REQUIRED ACTION: The full listing, word for word and free of images, is the expected result.

COLLECTED MATERIAL:
☆ ☆ ☆ ☆ ☆ ☆ ☆

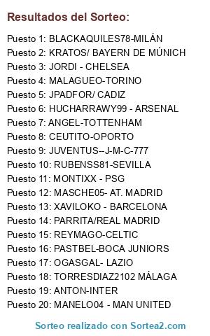 Lista de participantes: JPADFOR/ CADIZ, KRATOS/ BAYERN DE MÚNICH, PARRITA/REAL MADRID, HUCHARRAWY99 - ARSENAL, TORRESDIAZ2102 MÁLAGA, JORDI - CHELSEA, REYMAGO-CELTIC, XAVILOKO - BARCELONA, ANGEL-TOTTENHAM, PASTBEL-BOCA JUNIORS, MASCHE05- AT. MADRID, OGASGAL- LAZIO, RUBENSS81-SEVILLA, MONTIXX - PSG, MALAGUEO-TORINO, MANELO04 - MAN UNITED, ANTON-INTER, BLACKAQUILES78-MILÁN, CEUTITO-OPORTO, JUVENTUS--J-M-C-777.
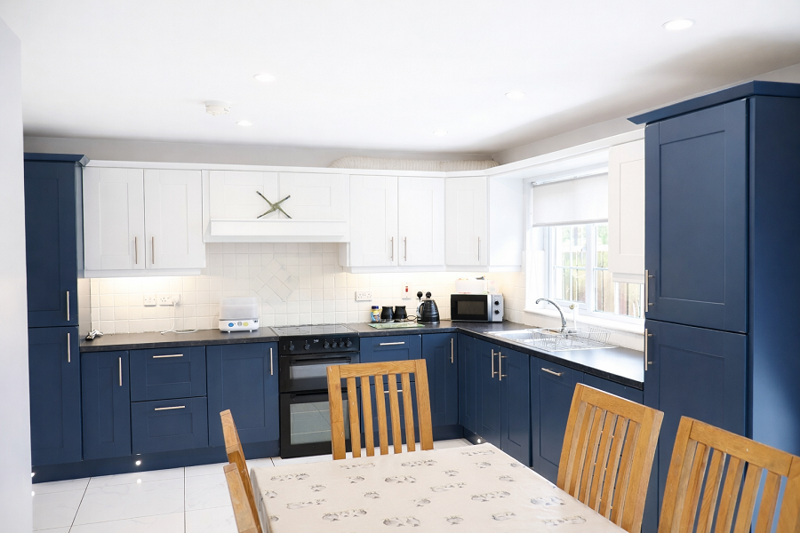19'2 x 10'6 Excellent range of two-tone Shaker style units matching worktops. Stainless steel one and a quarter bowl sink unit and drainer with chrome mixer taps. Part tiled walls. Porcelain tiled floor. Recessed lights to ceiling. Open shelving and window pelmet. BOSCH integral dishwasher. Integral fridge/freezer. BEKO cooker with canopy housing concealed extractor fan. uPVC French Doors.
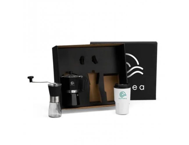 Sugestão de PersonalizaçãoUma gravação a Laser na cafeteira, moedor e copo; uma gravação em Silk/Digital na tampa da caixa.
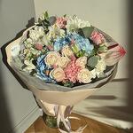 lagurus - 5 pcs anthurium - 1 pcs hydrangea - 1 pcs chamomile - 1 pcs eucalyptus - 5 pcs astromeria - 2 pcs spray rose - 1 pcs carnation - 6 pcs

☆ ☆ ☆ ☆ ☆ ☆ ☆

SOLUTION TO THE PROBLEM:
 Lista de participantes: JPADFOR/ CADIZ, KRATOS/ BAYERN DE MÚNICH, PARRITA/REAL MADRID, HUCHARRAWY99 - ARSENAL, TORRESDIAZ2102 MÁLAGA, JORDI - CHELSEA, REYMAGO-CELTIC, XAVILOKO - BARCELONA, ANGEL-TOTTENHAM, PASTBEL-BOCA JUNIORS, MASCHE05- AT. MADRID, OGASGAL- LAZIO, RUBENSS81-SEVILLA, MONTIXX - PSG, MALAGUEO-TORINO, MANELO04 - MAN UNITED, ANTON-INTER, BLACKAQUILES78-MILÁN, CEUTITO-OPORTO, JUVENTUS--J-M-C-777.
19'2 x 10'6 Excellent range of two-tone Shaker style units matching worktops. Stainless steel one and a quarter bowl sink unit and drainer with chrome mixer taps. Part tiled walls. Porcelain tiled floor. Recessed lights to ceiling. Open shelving and window pelmet. BOSCH integral dishwasher. Integral fridge/freezer. BEKO cooker with canopy housing concealed extractor fan. uPVC French Doors.
 Sugestão de PersonalizaçãoUma gravação a Laser na cafeteira, moedor e copo; uma gravação em Silk/Digital na tampa da caixa.
 lagurus - 5 pcs anthurium - 1 pcs hydrangea - 1 pcs chamomile - 1 pcs eucalyptus - 5 pcs astromeria - 2 pcs spray rose - 1 pcs carnation - 6 pcs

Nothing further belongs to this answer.